__Exercise objective__
Every entry must be transcribed exactly. Pictures are not part of the copy.

─── Materials provided

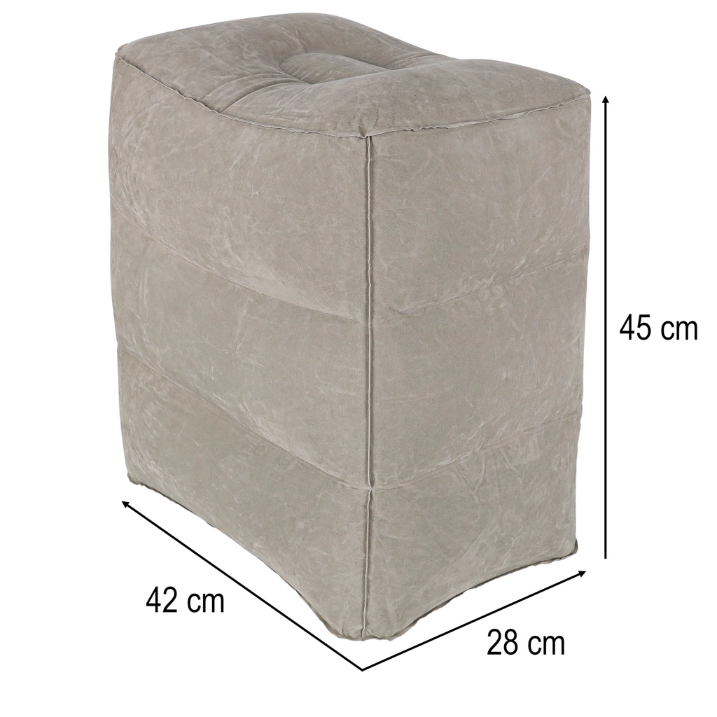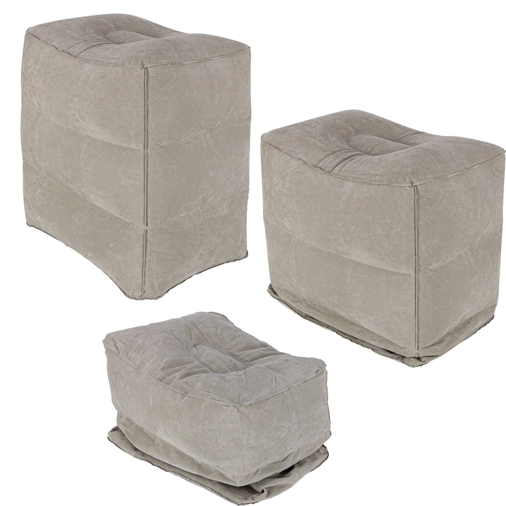 Razbremenite noge in izboljšajte krvni obtok z vsestransko napihljivo podnožko, ki služi kot puf in potovalna opora. Zahvaljujoč trem nastavljivim višinám jo zlahka prilagodite sedenju na kavču, v naslanjaču ali med dolgimi potovanji.
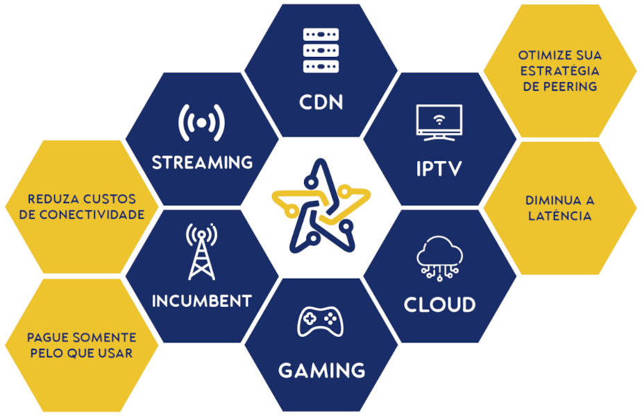 Tenha acesso aos principais conteúdos nacionais e internacionais através de uma única conexão (física ou lógica) para melhorar a experiência do seu cliente, reduzir custos de conectividade e otimizar sua estratégia de peering. Tenha uma alternativa segura para receber tráfego legítimo mesmo em períodos em que sua rede esteja sob ataques maliciosos.
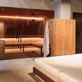 Herzstück des Entspannungsbereichs sind eine finnische Sauna und eine Infrarot-Kabine, die als ästhetisches und funktionales Duo auftreten. Raumhohe Fronten aus Grauglas, Erlenholz im patentierten Stabdesign und grosszügige Liegeflächen schaffen eine klare, beruhigende Atmosphäre. Der für das ganze Gebäude charakteristische Naturstein Travertin zieht sich auch durch diesen Bereich und wird stimmig ergänzt durch vertikale Holzstäbe und indirektes Licht. Das Resultat ist ein Ort, der sowohl dem Designanspruch als auch der therapeutischen Wirkung gerecht wird – ideal eingebettet in ein Longevity-Konzept, das auf tiefgreifende Erholung setzt.
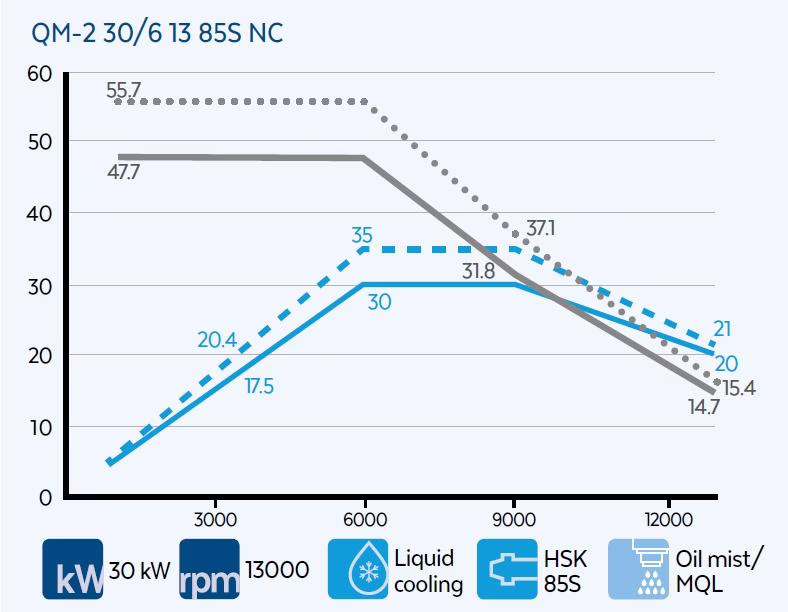 High power electrospindle fitted as standard (30 kW)
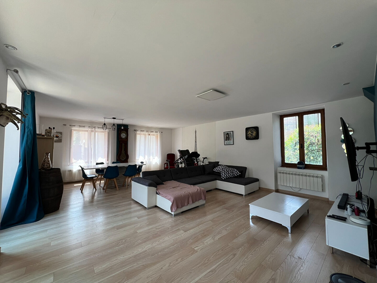 Cette maison est reliée au tout à l'égout et côté équipement nous avons des huisseries en bois avec double vitrage, un ballon d'eau chaude de 300L, des radiateurs électriques, un insert à bois et possède des panneaux photovoltaïque avec 2500Euro environs de revente par an !!
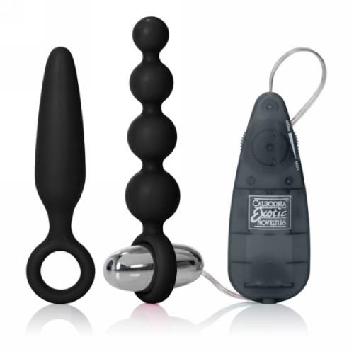 - The 3-in-1 anal toy kit includes a vibrating butt plug, a wand of graduating anal beads and a remote control.
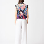 Spectaculair IVKO jasje met een prachtig patroon dat het reliëf van onze aarde laat zien. Het kleurenpatroon geeft de nacht weer. Het jasje heeft zakken en sluit met een rits. Het mouwloze IVKO jasje is gemaakt van 77% katoen, 20% viscose, 2% polyamide en 1% elastaan.
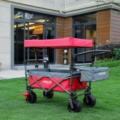 AREBOS Chariot De Jardin Pliable De Première Qualité Avec Toit Noir/Gris – Noir
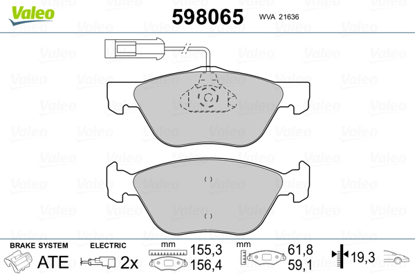 VALEO 598065 - Sada brzdových destiček, vždy 4 kusy v sadě
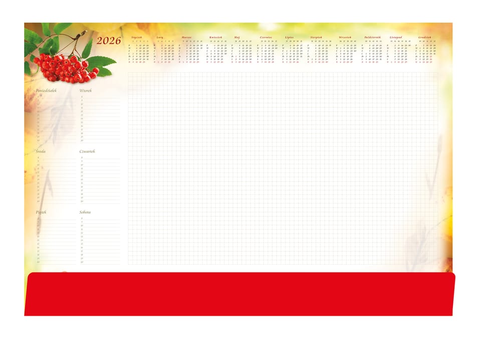 Terminarz posiada kalendarium na 2 lata umieszczone na jednej stronie, co ulatwia organizacje zarówno biezącego roku, jak i nadchodzącego.
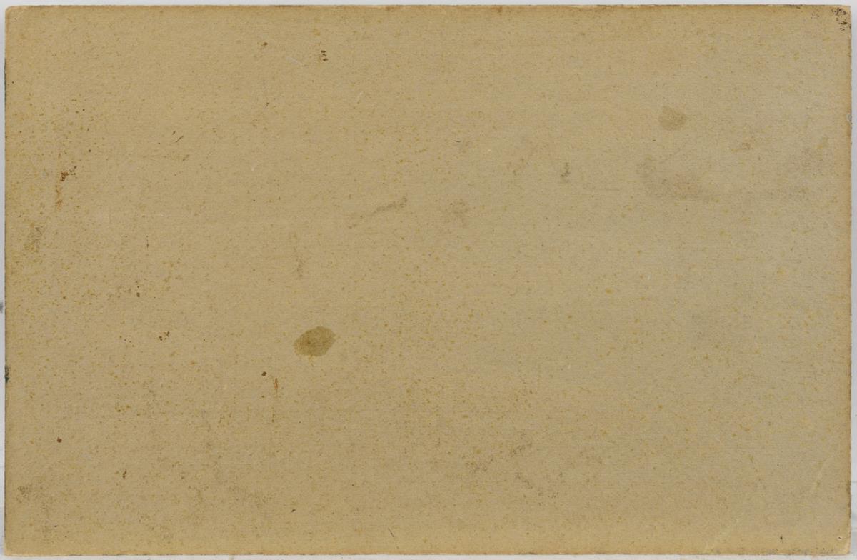 Gesicht eines Bärtigen vor grünem Hintergrund. Kleine Löcher in den Ecken.
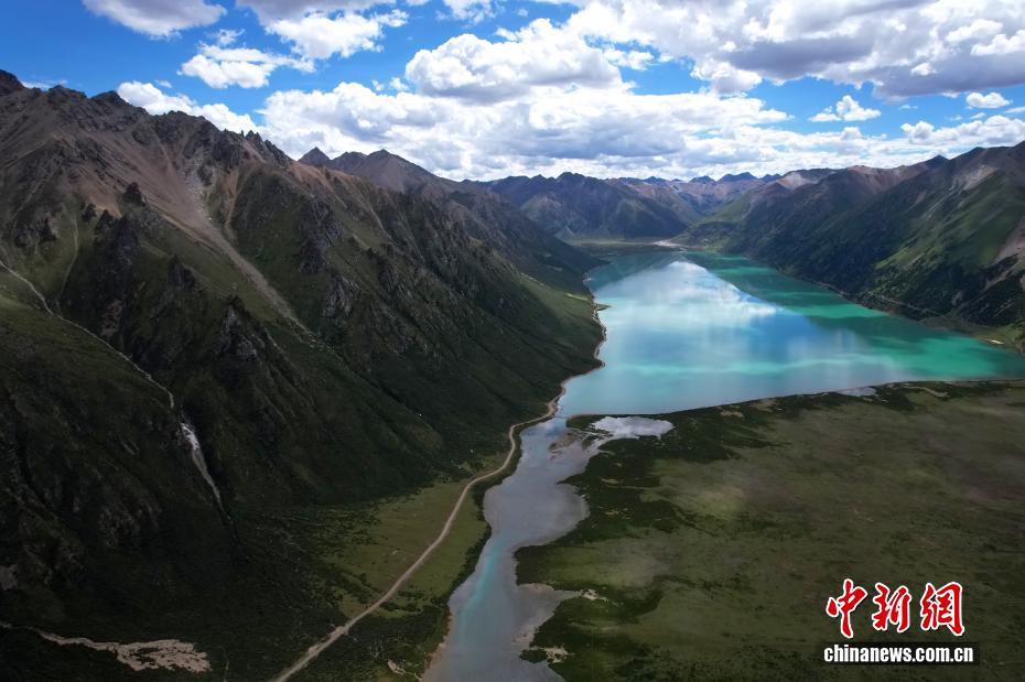 7月21日,嘉乃玉錯(cuò)景色。嘉乃玉錯(cuò)國(guó)家濕地公園位于西藏那曲市嘉黎縣境內(nèi)。夏日,嘉乃玉錯(cuò)碧波蕩漾,湖邊綠意盎然,在藍(lán)天白云映襯下,景色如畫。(無人機(jī)照片)中新社記者 李林 攝

──────

__Your solution__
 Razbremenite noge in izboljšajte krvni obtok z vsestransko napihljivo podnožko, ki služi kot puf in potovalna opora. Zahvaljujoč trem nastavljivim višinám jo zlahka prilagodite sedenju na kavču, v naslanjaču ali med dolgimi potovanji.
 Tenha acesso aos principais conteúdos nacionais e internacionais através de uma única conexão (física ou lógica) para melhorar a experiência do seu cliente, reduzir custos de conectividade e otimizar sua estratégia de peering. Tenha uma alternativa segura para receber tráfego legítimo mesmo em períodos em que sua rede esteja sob ataques maliciosos.
 Herzstück des Entspannungsbereichs sind eine finnische Sauna und eine Infrarot-Kabine, die als ästhetisches und funktionales Duo auftreten. Raumhohe Fronten aus Grauglas, Erlenholz im patentierten Stabdesign und grosszügige Liegeflächen schaffen eine klare, beruhigende Atmosphäre. Der für das ganze Gebäude charakteristische Naturstein Travertin zieht sich auch durch diesen Bereich und wird stimmig ergänzt durch vertikale Holzstäbe und indirektes Licht. Das Resultat ist ein Ort, der sowohl dem Designanspruch als auch der therapeutischen Wirkung gerecht wird – ideal eingebettet in ein Longevity-Konzept, das auf tiefgreifende Erholung setzt.
 High power electrospindle fitted as standard (30 kW)
 Cette maison est reliée au tout à l'égout et côté équipement nous avons des huisseries en bois avec double vitrage, un ballon d'eau chaude de 300L, des radiateurs électriques, un insert à bois et possède des panneaux photovoltaïque avec 2500Euro environs de revente par an !!
 - The 3-in-1 anal toy kit includes a vibrating butt plug, a wand of graduating anal beads and a remote control.
 Spectaculair IVKO jasje met een prachtig patroon dat het reliëf van onze aarde laat zien. Het kleurenpatroon geeft de nacht weer. Het jasje heeft zakken en sluit met een rits. Het mouwloze IVKO jasje is gemaakt van 77% katoen, 20% viscose, 2% polyamide en 1% elastaan.
 AREBOS Chariot De Jardin Pliable De Première Qualité Avec Toit Noir/Gris – Noir
 VALEO 598065 - Sada brzdových destiček, vždy 4 kusy v sadě
 Terminarz posiada kalendarium na 2 lata umieszczone na jednej stronie, co ulatwia organizacje zarówno biezącego roku, jak i nadchodzącego.
 Gesicht eines Bärtigen vor grünem Hintergrund. Kleine Löcher in den Ecken.
 7月21日,嘉乃玉錯(cuò)景色。嘉乃玉錯(cuò)國(guó)家濕地公園位于西藏那曲市嘉黎縣境內(nèi)。夏日,嘉乃玉錯(cuò)碧波蕩漾,湖邊綠意盎然,在藍(lán)天白云映襯下,景色如畫。(無人機(jī)照片)中新社記者 李林 攝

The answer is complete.